Key configuration parameter adjustments

System-level configuration (spark-env.sh): Configure hardware resources.

# Memory resource configuration
export SPARK_WORKER_MEMORY=1000G
# CPU resource configuration
export SPARK_WORKER_CORES=320

Job-level configuration (spark-defaults.conf): Adjust parameters related to Spark jobs.

# Driver resource configuration
spark.driver.cores=2
spark.driver.memory=4g

# Executor resource configuration
spark.executor.memory=16g
spark.executor.cores=4

# Serialization optimization
spark.serializer=org.apache.spark.serializer.KryoSerializer

Optimization goal verification

The following metrics are validated through stress testing:

The cluster resource utilization is greater than or equal to 95%.
The linear scalability of the system is verified. Generally, as the task parallelism increases, the throughput also increases.
The stability of the system is verified through 72 hours of continuous load testing.
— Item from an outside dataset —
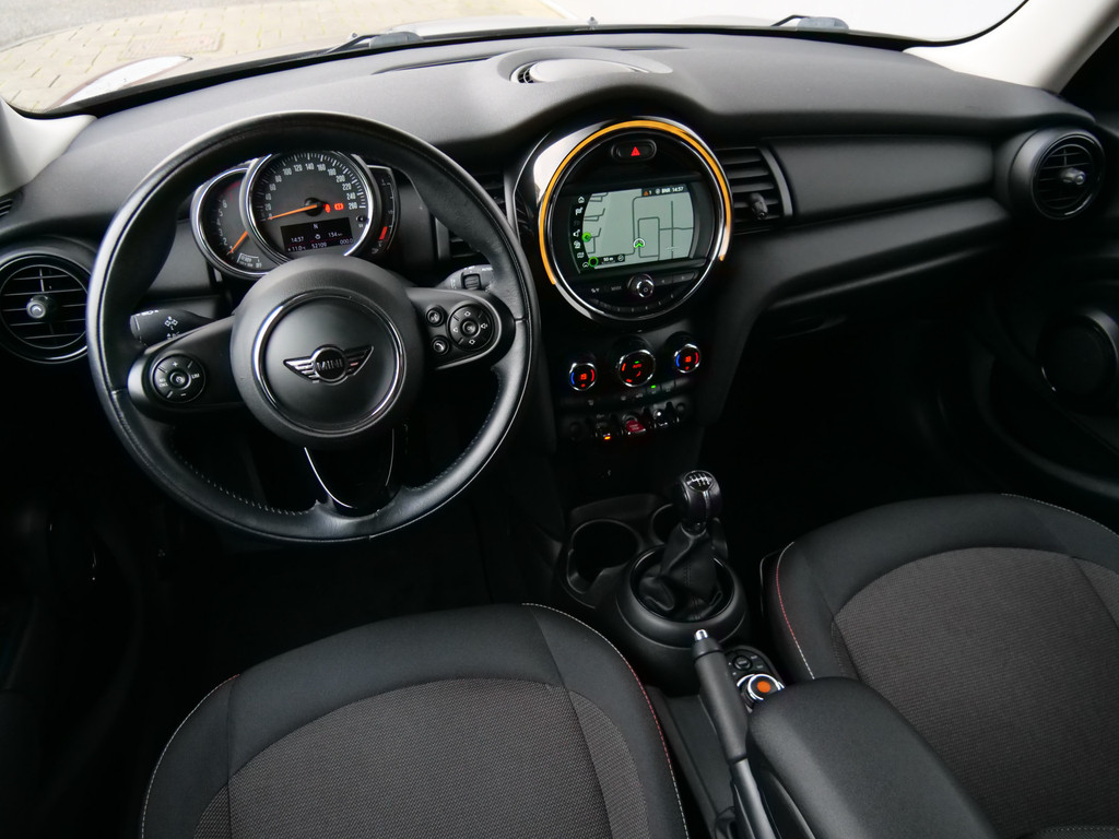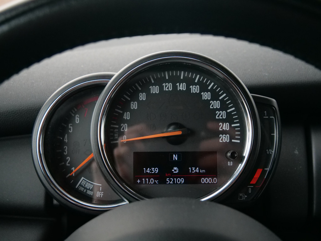 De bediening van het audiosysteem en het full map navigatiesysteem gebeurt met knoppen op het stuur. De automatische airconditioning zorgt voor een behaaglijk klimaat in de auto. Met de aanwezige parkeersensoren weet u altijd zeker of het past. In deze MINI kunt u zich concentreren op het verkeer, terwijl de auto de omgeving voor u in de gaten houdt. Een automatisch inschakelbare verlichting zorgt dat de verlichting aangaat als het donkerder wordt - in tunnels bijvoorbeeld - en de regensensor schakelt de ruitenwissers in als het nodig is. U hoeft er niets aan te doen. Nooit te snel, altijd constant: dat is het voordeel van de aanwezige cruise control. En deze auto heeft ook sportstuurwiel, centrale deurvergrendeling met afstandsbediening en boordcomputer als standaard uitrusting.
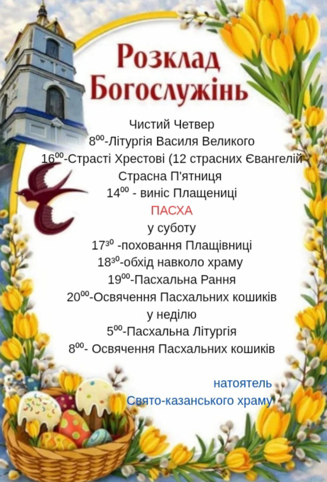 Пасхальне святкове Богослужіння. – 05.00 часи. 05.30 – Святкова Літургія.

OceanBase Catalog configuration practices

Basic connection configuration

Parameter Description

Parameter	Description
`spark.sql.catalog.your_catalog_name.driver`	Specifies the JDBC driver class used by Spark to connect to OceanBase Database. Depending on the driver you use, you need to configure the appropriate driver class name: If you are using the MySQL driver to connect to OceanBase Database, set this parameter to `com.mysql.cj.jdbc.Driver`. If you are using the OceanBase driver to connect to OceanBase Database, set this parameter to `com.oceanbase.jdbc.Driver`. Although this parameter is optional, it is recommended to configure it. Proper configuration ensures that Spark can locate the corresponding driver, enabling a smooth connection process.

spark.sql.catalog.your_catalog_name.driver

Specifies the JDBC driver class used by Spark to connect to OceanBase Database. Depending on the driver you use, you need to configure the appropriate driver class name:

If you are using the MySQL driver to connect to OceanBase Database, set this parameter to com.mysql.cj.jdbc.Driver.
If you are using the OceanBase driver to connect to OceanBase Database, set this parameter to com.oceanbase.jdbc.Driver.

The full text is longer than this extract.